By Lawrence Toppman
You know the quotation attributed to Thomas Edison, right? “Genius is 1 percent inspiration and 99 percent perspiration.” He said that because he came up with ideas, and workers in his laboratories experimented endlessly, until one worked out. (Genius is also partly marketing: The first home lit by electricity was in England, using bulbs designed by Joseph Wilson Swan. Do you think of him as the father of incandescence?)
But what, really, is genius? It’s not just an intuitive gift for grasping a situation with which others struggle. When I see the Jumble in the newspaper, mixed-up letters rearrange themselves instantly into words without effort on my part, and I seldom use a pen to solve the puzzle. That doesn’t make me a genius, just a guy with a quirky brain.

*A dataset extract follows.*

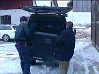 Samstag, 27. Dezember 2003: Wenn wir einen Auftritt haben, beginnt für uns die Vorbereitung darauf, immer schon am Tag vorher. Im Proberaum muß alles abgebaut, eingepackt und verladen werden. |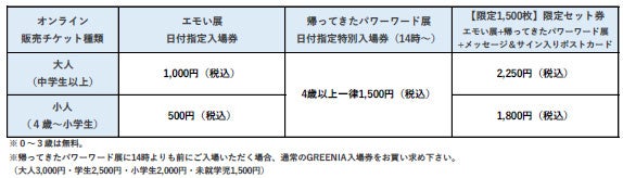 ・帰ってきたパワーワード展 日付指定特別入場券1枚(お得な価格で、14時以降GREENIA園内にご入場いただけるチケットです)

It’s not diligence, or writers turning out millions of words would qualify. The most prolific author in America today must be James Patterson, but neither he nor anyone else could seriously consider him a genius.
It’s not always about creating things from scratch. My late friend Chuck Foley came up with the idea for Twister, an insanely popular 1960s product marketed by Milton Bradley and the first game to use human bodies as playing pieces. Smart, creative guy — but not a genius.
It doesn’t necessarily involve profound insight. Multimillionaire Gilbert Kaplan spent 50 years in his devotion to Gustav Mahler, specifically his Symphony No. 2. He considered the “Resurrection” Symphony the greatest piece of music ever, conducted it more than 50 times and recorded it twice, never accepting a fee. He probably understood that masterpiece (and in some ways, Mahler) better than anyone on Earth, yet nobody thought of Kaplan as a genius.
If I had to offer one description, it would be this: To see possibilities – perhaps a nearly infinite range of possibilities – that no one else has considered, choose precisely the right one and explore it thoroughly in a unique way. Haydn, rightly considered the father of the string quartet, was a genius because he had a new understanding of what two violins, a viola and a cello could do. Mozart took the same four instruments in unprecedented directions, then added another viola to write quintets. His gifts lay not so much in invention as re-invention, transforming accustomed models in miraculous ways. That’s genius at work.